**Data for analysis**:
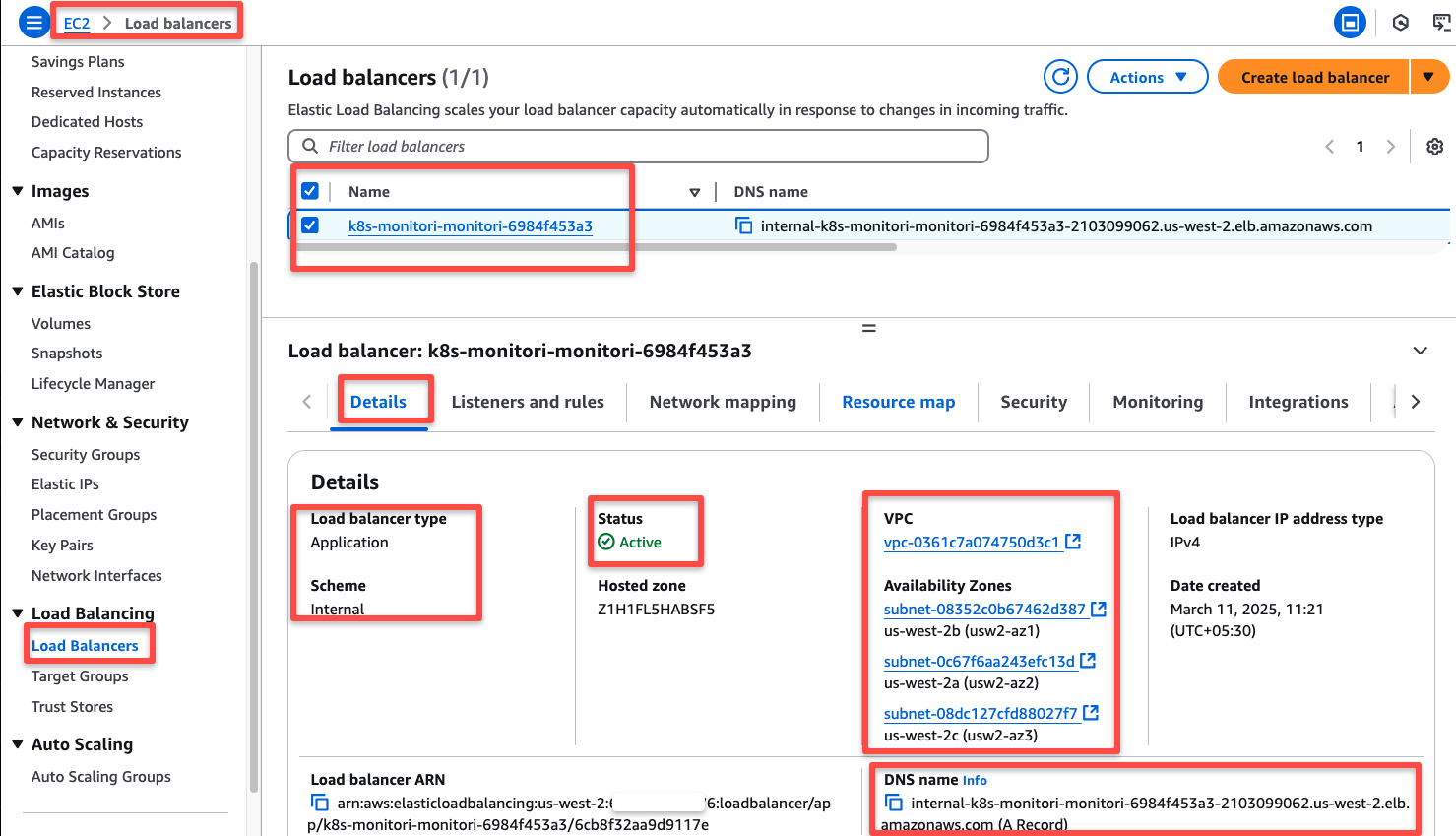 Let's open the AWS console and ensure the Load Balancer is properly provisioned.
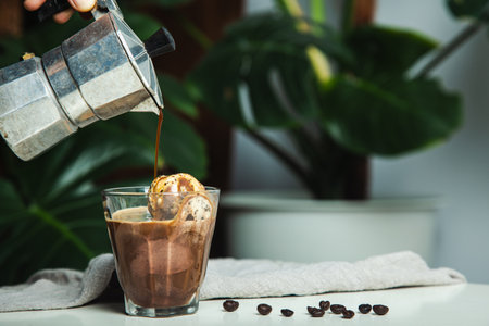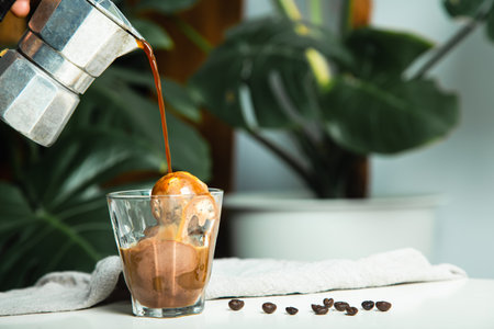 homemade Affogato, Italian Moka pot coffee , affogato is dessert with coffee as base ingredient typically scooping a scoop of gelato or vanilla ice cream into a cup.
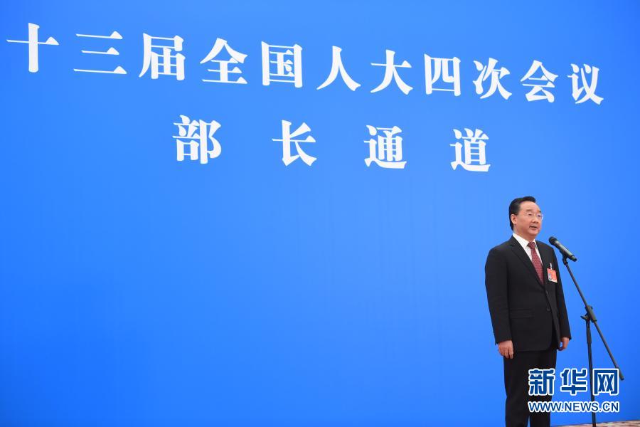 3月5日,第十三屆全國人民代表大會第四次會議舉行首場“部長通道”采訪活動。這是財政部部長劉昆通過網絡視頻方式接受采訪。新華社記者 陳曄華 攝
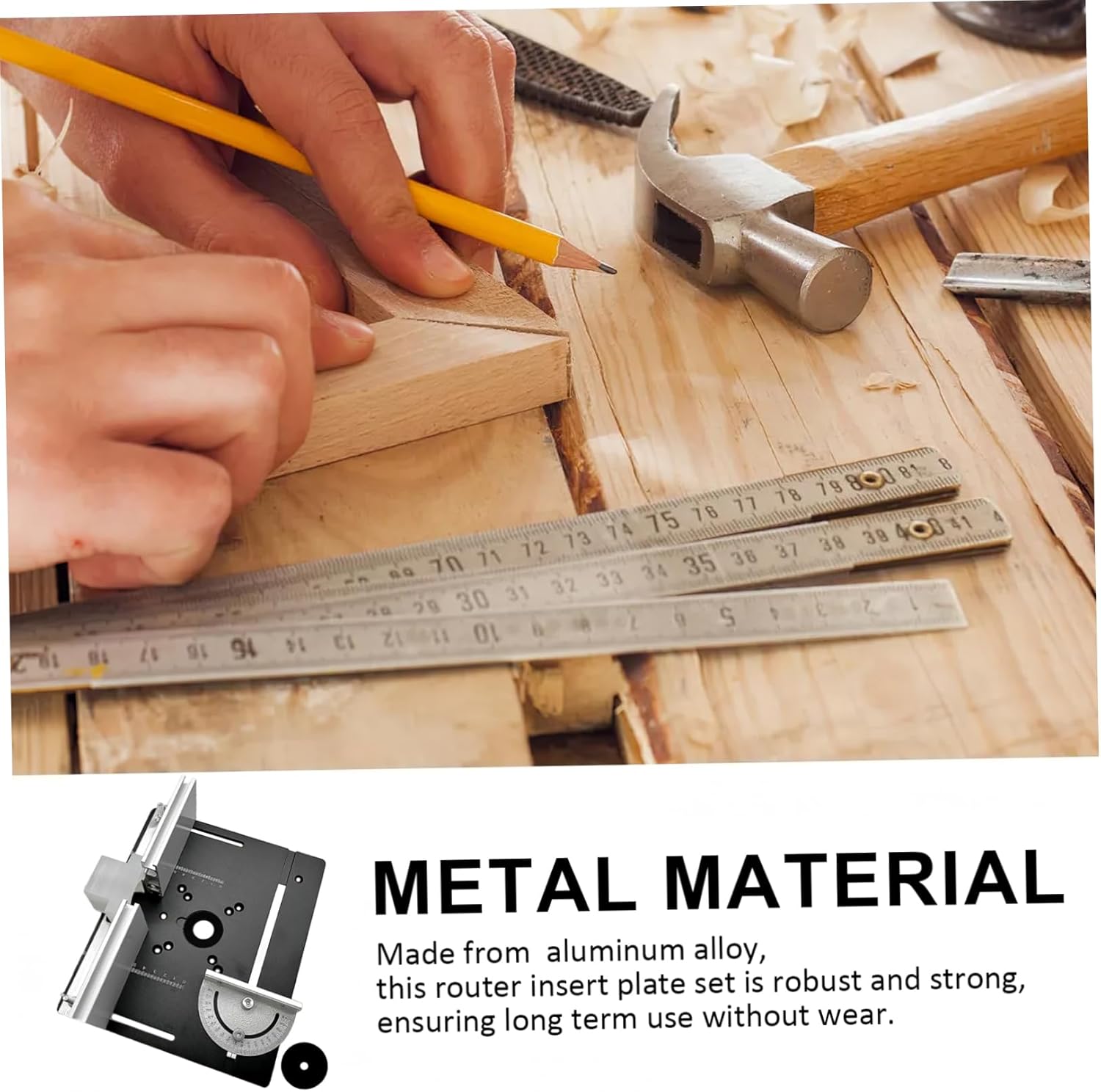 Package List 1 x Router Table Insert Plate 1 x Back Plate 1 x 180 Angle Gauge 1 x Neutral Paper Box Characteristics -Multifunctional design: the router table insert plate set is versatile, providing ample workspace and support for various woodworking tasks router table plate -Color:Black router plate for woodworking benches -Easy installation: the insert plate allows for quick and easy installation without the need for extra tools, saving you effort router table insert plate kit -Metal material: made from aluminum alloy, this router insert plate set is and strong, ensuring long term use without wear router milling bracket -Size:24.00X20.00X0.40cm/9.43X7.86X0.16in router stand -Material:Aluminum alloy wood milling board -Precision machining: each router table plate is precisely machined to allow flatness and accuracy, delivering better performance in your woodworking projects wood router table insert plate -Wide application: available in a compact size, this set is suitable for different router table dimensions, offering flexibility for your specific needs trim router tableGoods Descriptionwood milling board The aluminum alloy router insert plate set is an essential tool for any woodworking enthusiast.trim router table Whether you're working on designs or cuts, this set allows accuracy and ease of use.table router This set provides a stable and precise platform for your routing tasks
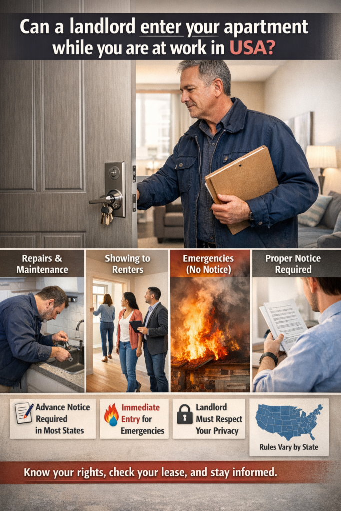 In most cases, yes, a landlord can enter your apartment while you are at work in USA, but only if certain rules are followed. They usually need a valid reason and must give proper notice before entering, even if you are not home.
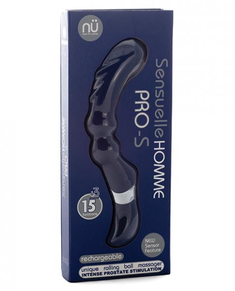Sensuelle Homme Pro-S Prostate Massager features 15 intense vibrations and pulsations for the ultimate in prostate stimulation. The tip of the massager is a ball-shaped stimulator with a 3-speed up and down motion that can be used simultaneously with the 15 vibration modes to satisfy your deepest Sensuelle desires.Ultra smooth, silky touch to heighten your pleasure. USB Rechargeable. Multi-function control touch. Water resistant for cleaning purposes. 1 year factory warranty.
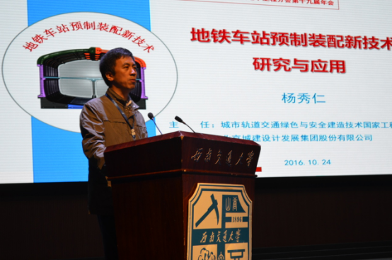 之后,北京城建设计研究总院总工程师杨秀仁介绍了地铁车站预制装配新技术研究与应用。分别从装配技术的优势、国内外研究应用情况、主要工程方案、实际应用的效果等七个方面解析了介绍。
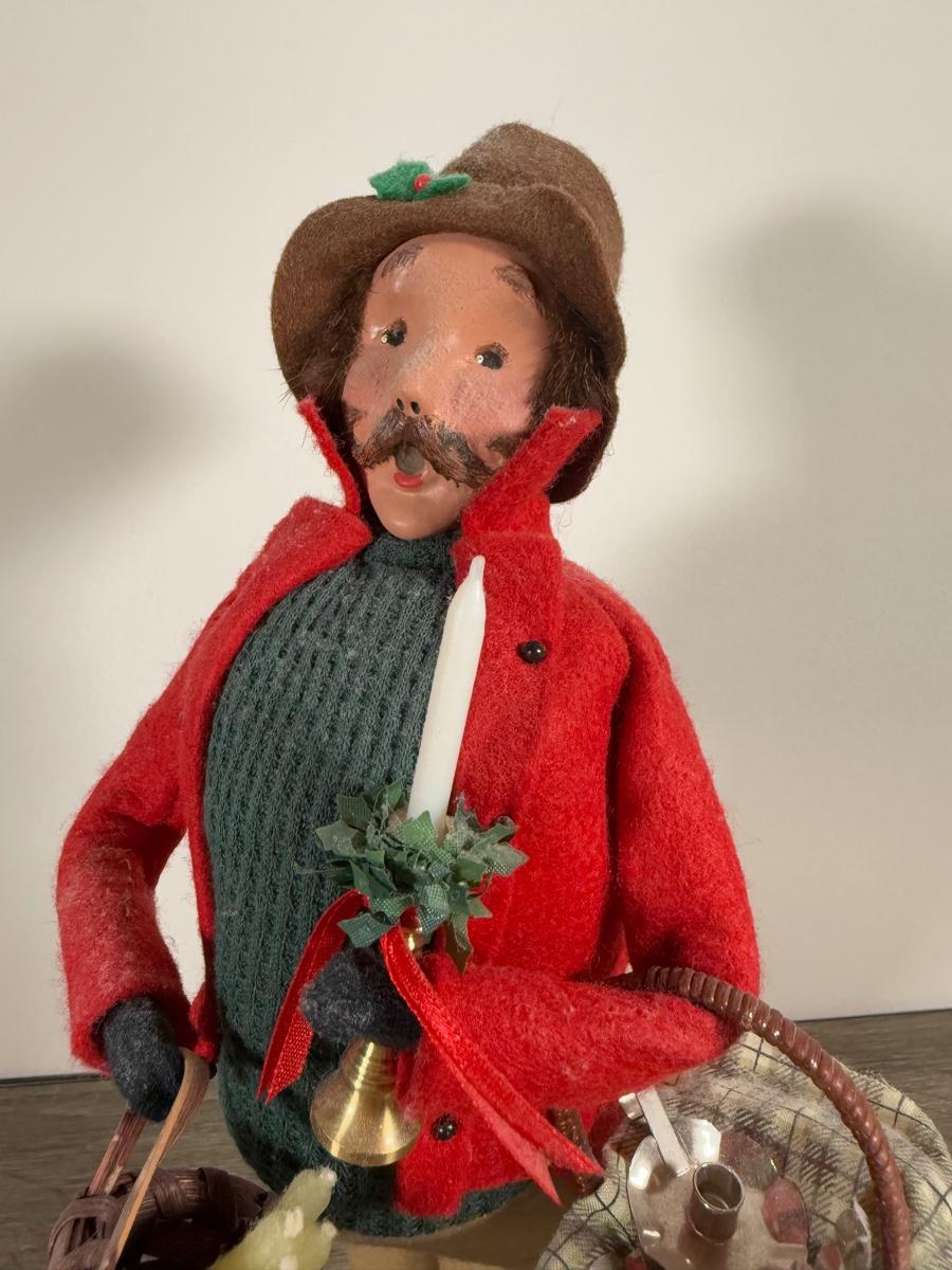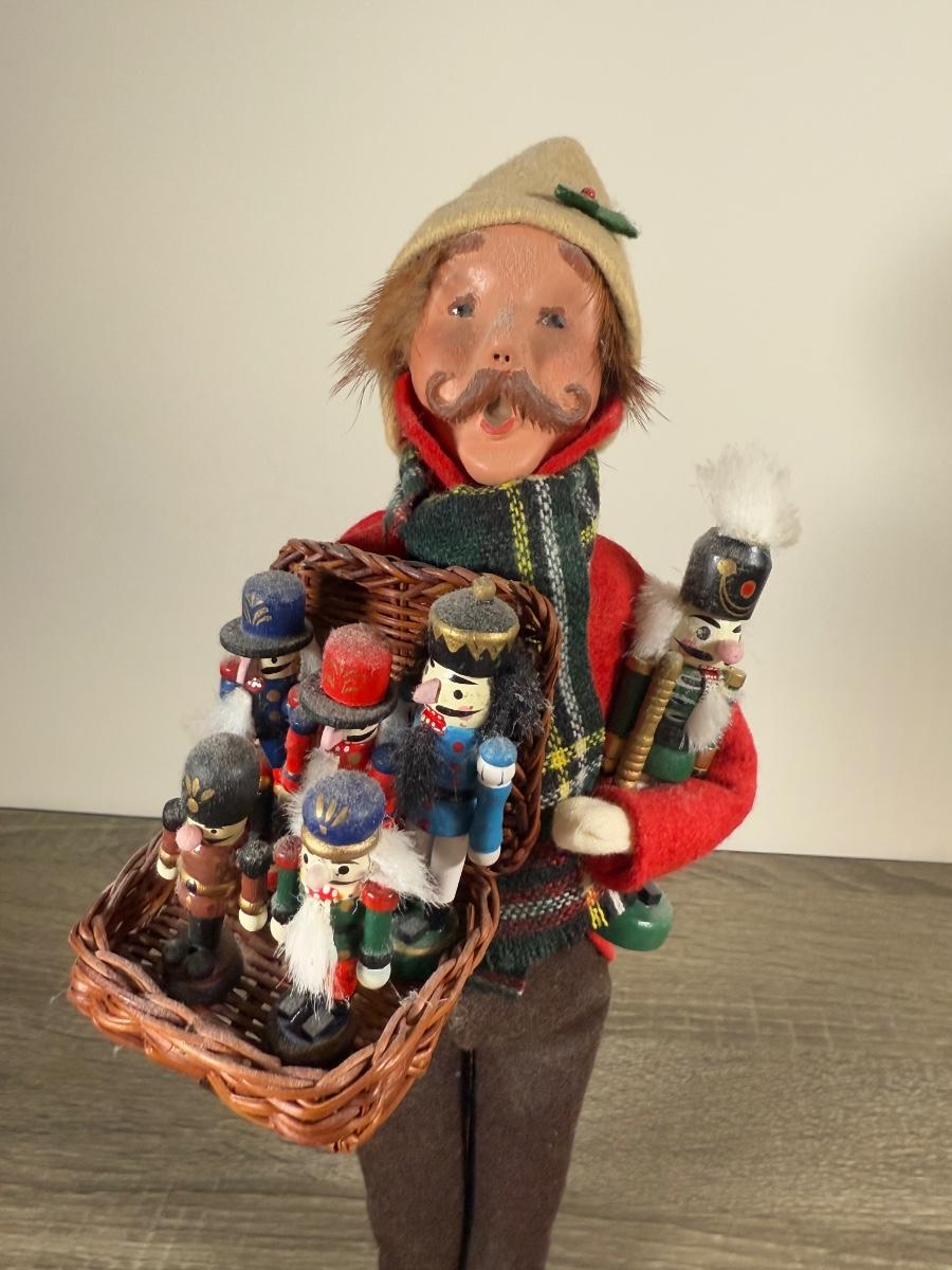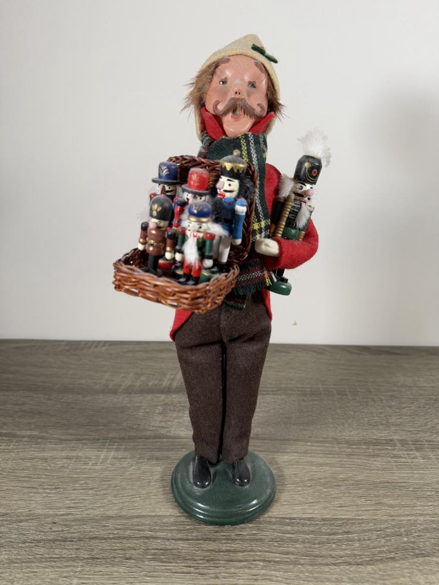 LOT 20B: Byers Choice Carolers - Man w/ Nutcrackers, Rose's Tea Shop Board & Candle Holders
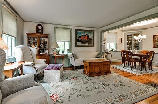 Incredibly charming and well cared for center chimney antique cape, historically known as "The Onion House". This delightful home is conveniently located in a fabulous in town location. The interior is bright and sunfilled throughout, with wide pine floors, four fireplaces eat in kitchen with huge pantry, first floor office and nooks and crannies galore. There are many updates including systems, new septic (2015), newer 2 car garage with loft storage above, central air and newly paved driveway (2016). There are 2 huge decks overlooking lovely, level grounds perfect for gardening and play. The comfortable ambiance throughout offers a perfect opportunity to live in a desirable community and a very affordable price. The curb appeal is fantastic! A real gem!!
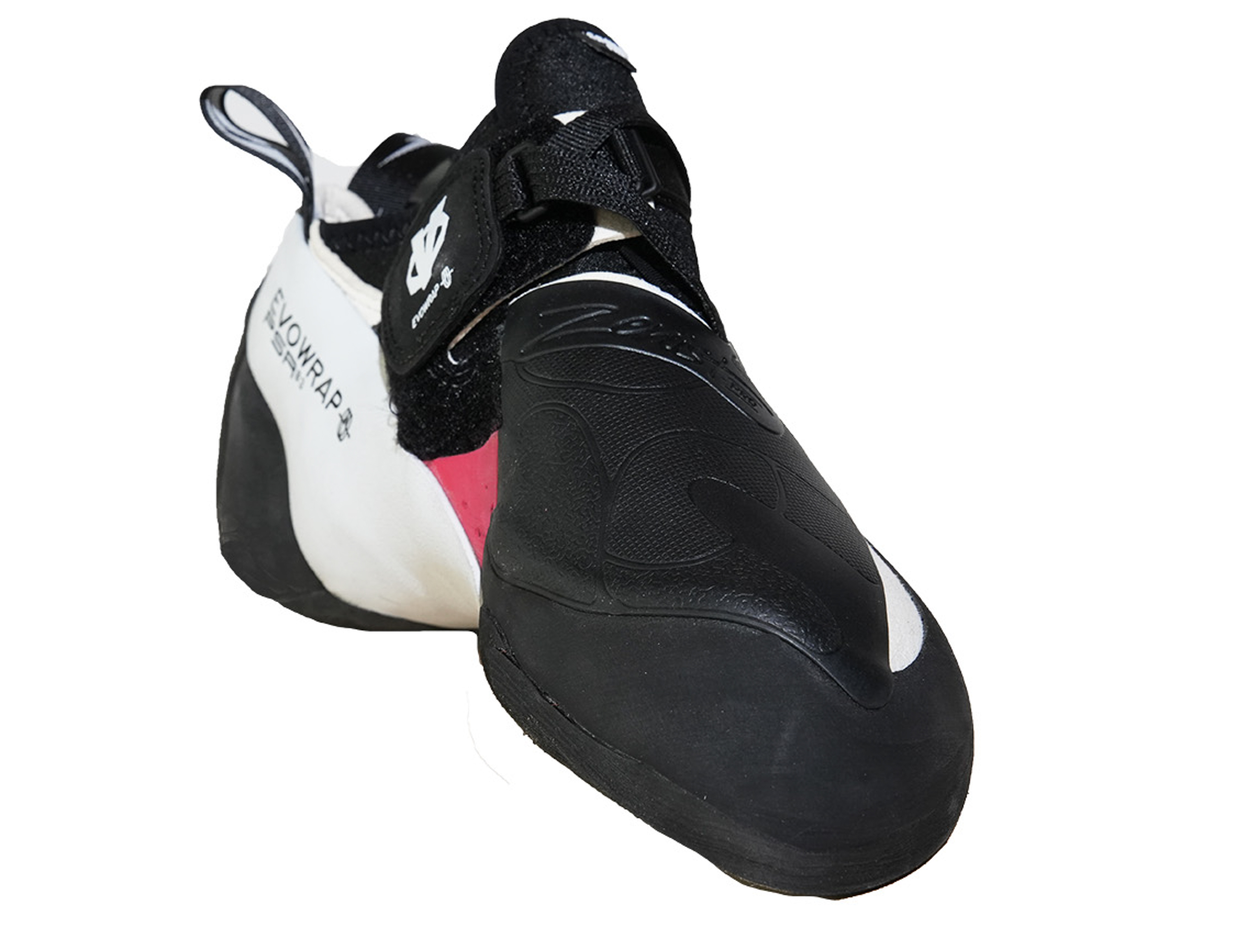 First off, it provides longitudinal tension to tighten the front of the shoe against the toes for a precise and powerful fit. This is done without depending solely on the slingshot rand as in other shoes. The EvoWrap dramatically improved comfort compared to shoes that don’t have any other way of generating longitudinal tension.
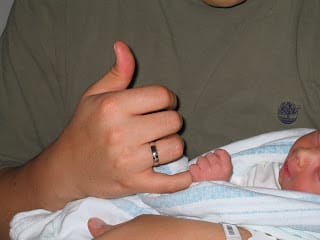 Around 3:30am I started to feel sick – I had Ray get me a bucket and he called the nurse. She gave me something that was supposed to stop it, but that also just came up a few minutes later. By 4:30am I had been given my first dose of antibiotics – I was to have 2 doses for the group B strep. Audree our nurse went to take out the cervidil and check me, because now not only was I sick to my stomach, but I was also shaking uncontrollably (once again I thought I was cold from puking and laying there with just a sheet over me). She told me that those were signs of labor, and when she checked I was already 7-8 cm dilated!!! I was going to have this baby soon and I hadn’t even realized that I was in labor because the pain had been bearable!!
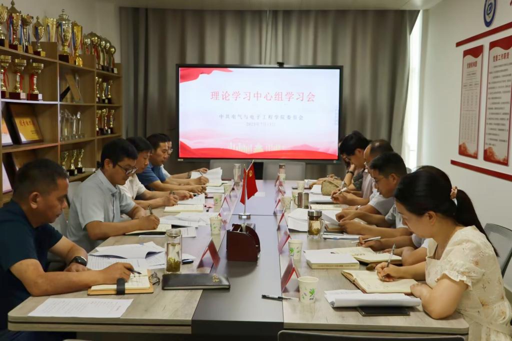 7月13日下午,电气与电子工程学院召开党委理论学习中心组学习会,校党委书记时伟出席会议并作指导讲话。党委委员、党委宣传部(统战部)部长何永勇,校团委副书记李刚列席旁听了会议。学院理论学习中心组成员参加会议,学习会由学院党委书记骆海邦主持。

**Work required**: Without changing a word, retype the data above and omit its pictures.

**Response to this task**:
 Let's open the AWS console and ensure the Load Balancer is properly provisioned.
 homemade Affogato, Italian Moka pot coffee , affogato is dessert with coffee as base ingredient typically scooping a scoop of gelato or vanilla ice cream into a cup.
 3月5日,第十三屆全國人民代表大會第四次會議舉行首場“部長通道”采訪活動。這是財政部部長劉昆通過網絡視頻方式接受采訪。新華社記者 陳曄華 攝
 Package List 1 x Router Table Insert Plate 1 x Back Plate 1 x 180 Angle Gauge 1 x Neutral Paper Box Characteristics -Multifunctional design: the router table insert plate set is versatile, providing ample workspace and support for various woodworking tasks router table plate -Color:Black router plate for woodworking benches -Easy installation: the insert plate allows for quick and easy installation without the need for extra tools, saving you effort router table insert plate kit -Metal material: made from aluminum alloy, this router insert plate set is and strong, ensuring long term use without wear router milling bracket -Size:24.00X20.00X0.40cm/9.43X7.86X0.16in router stand -Material:Aluminum alloy wood milling board -Precision machining: each router table plate is precisely machined to allow flatness and accuracy, delivering better performance in your woodworking projects wood router table insert plate -Wide application: available in a compact size, this set is suitable for different router table dimensions, offering flexibility for your specific needs trim router tableGoods Descriptionwood milling board The aluminum alloy router insert plate set is an essential tool for any woodworking enthusiast.trim router table Whether you're working on designs or cuts, this set allows accuracy and ease of use.table router This set provides a stable and precise platform for your routing tasks
 In most cases, yes, a landlord can enter your apartment while you are at work in USA, but only if certain rules are followed. They usually need a valid reason and must give proper notice before entering, even if you are not home.
Sensuelle Homme Pro-S Prostate Massager features 15 intense vibrations and pulsations for the ultimate in prostate stimulation. The tip of the massager is a ball-shaped stimulator with a 3-speed up and down motion that can be used simultaneously with the 15 vibration modes to satisfy your deepest Sensuelle desires.Ultra smooth, silky touch to heighten your pleasure. USB Rechargeable. Multi-function control touch. Water resistant for cleaning purposes. 1 year factory warranty.
 之后,北京城建设计研究总院总工程师杨秀仁介绍了地铁车站预制装配新技术研究与应用。分别从装配技术的优势、国内外研究应用情况、主要工程方案、实际应用的效果等七个方面解析了介绍。
 LOT 20B: Byers Choice Carolers - Man w/ Nutcrackers, Rose's Tea Shop Board & Candle Holders
 Incredibly charming and well cared for center chimney antique cape, historically known as "The Onion House". This delightful home is conveniently located in a fabulous in town location. The interior is bright and sunfilled throughout, with wide pine floors, four fireplaces eat in kitchen with huge pantry, first floor office and nooks and crannies galore. There are many updates including systems, new septic (2015), newer 2 car garage with loft storage above, central air and newly paved driveway (2016). There are 2 huge decks overlooking lovely, level grounds perfect for gardening and play. The comfortable ambiance throughout offers a perfect opportunity to live in a desirable community and a very affordable price. The curb appeal is fantastic! A real gem!!
 First off, it provides longitudinal tension to tighten the front of the shoe against the toes for a precise and powerful fit. This is done without depending solely on the slingshot rand as in other shoes. The EvoWrap dramatically improved comfort compared to shoes that don’t have any other way of generating longitudinal tension.
 Around 3:30am I started to feel sick – I had Ray get me a bucket and he called the nurse. She gave me something that was supposed to stop it, but that also just came up a few minutes later. By 4:30am I had been given my first dose of antibiotics – I was to have 2 doses for the group B strep. Audree our nurse went to take out the cervidil and check me, because now not only was I sick to my stomach, but I was also shaking uncontrollably (once again I thought I was cold from puking and laying there with just a sheet over me). She told me that those were signs of labor, and when she checked I was already 7-8 cm dilated!!! I was going to have this baby soon and I hadn’t even realized that I was in labor because the pain had been bearable!!
 7月13日下午,电气与电子工程学院召开党委理论学习中心组学习会,校党委书记时伟出席会议并作指导讲话。党委委员、党委宣传部(统战部)部长何永勇,校团委副书记李刚列席旁听了会议。学院理论学习中心组成员参加会议,学习会由学院党委书记骆海邦主持。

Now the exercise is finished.